Letterkenny is a Canadian sitcom created by Jared Keeso, developed and written primarily by Keeso and Jacob Tierney, directed by Tierney, and starring Keeso, Nathan Dales, Michelle Mylett, and K. Trevor Wilson. Originally a YouTube web series called Letterkenny Problems, the show was commissioned for television by Crave in March 2015 and premiered in February 2016. The show follows the adventures of people residing in the fictional town of Letterkenny, a rural community in Ontario, Canada.

Letterkenny is distributed by Hulu in the United States, with the first two seasons debuting in July 2018. Subsequent seasons were added on December 27, 2018. Hulu acquired exclusive streaming rights to the show in the U.S. in May 2019. The 11th season was released via Crave on December 25, 2022, and on Hulu the following day.
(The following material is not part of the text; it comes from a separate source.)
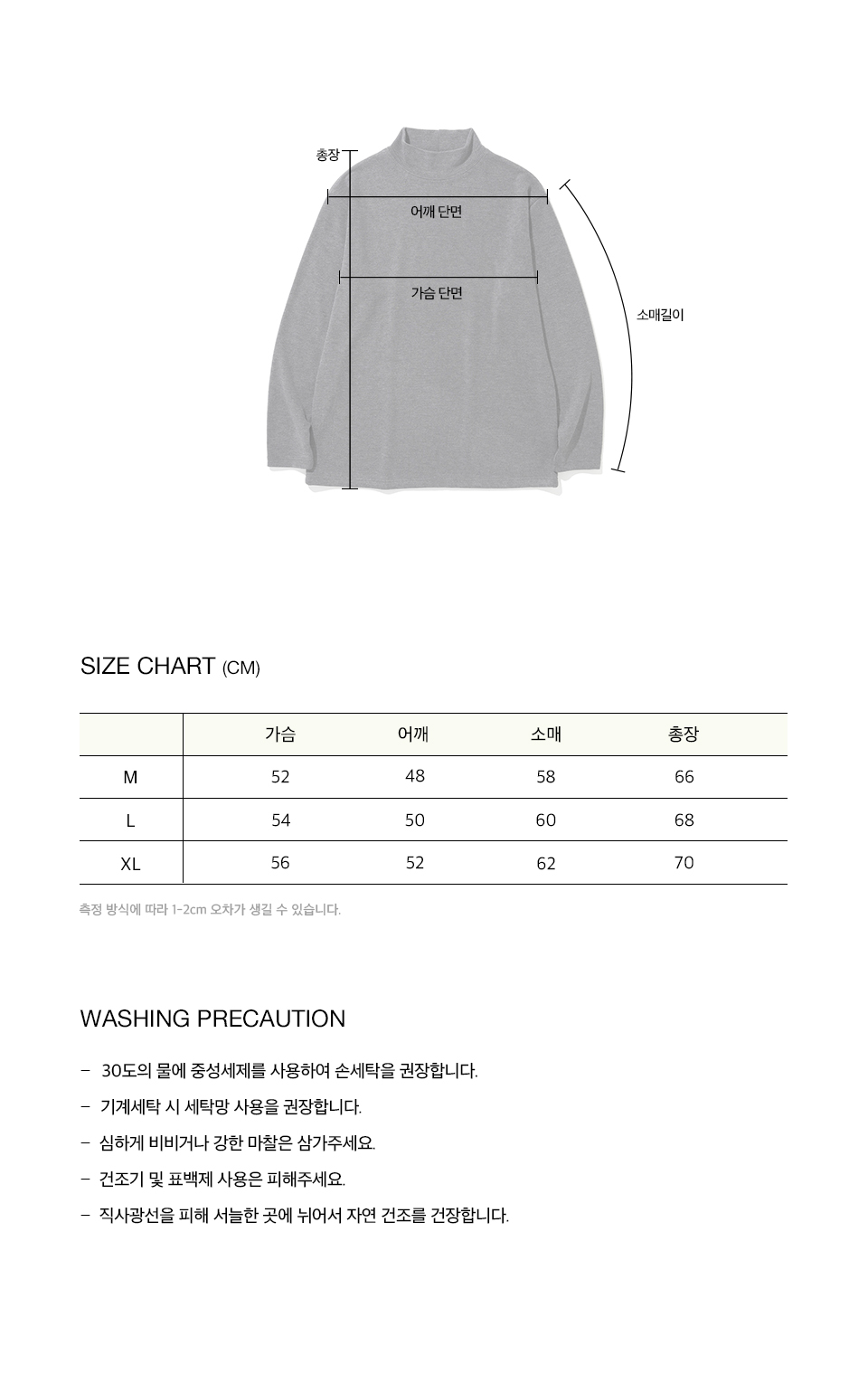 측정 방법에 따라 사이즈에 일부 오차가 있을 수 있습니다.

A spin-off series created by Keeso, Shoresy, based on the Letterkenny character of the same name debuted in 2022.

The show has received numerous awards and nominations, including a Canadian Screen Award for Best Comedy Series.

Overview
Letterkenny revolves around the titular small rural Ontario community, which took its name from Letterkenny in Ireland and is populated mostly by the descendants of Irish immigrants who escaped the 1840s Great Famine. Most episodes open with the text: "There are 5000 people in Letterkenny. These are their problems." The series focuses on siblings Wayne and Katy, who run a small farm and produce stand with help from Wayne's friends Daryl (often called “Dary”) and “Squirrely” Dan.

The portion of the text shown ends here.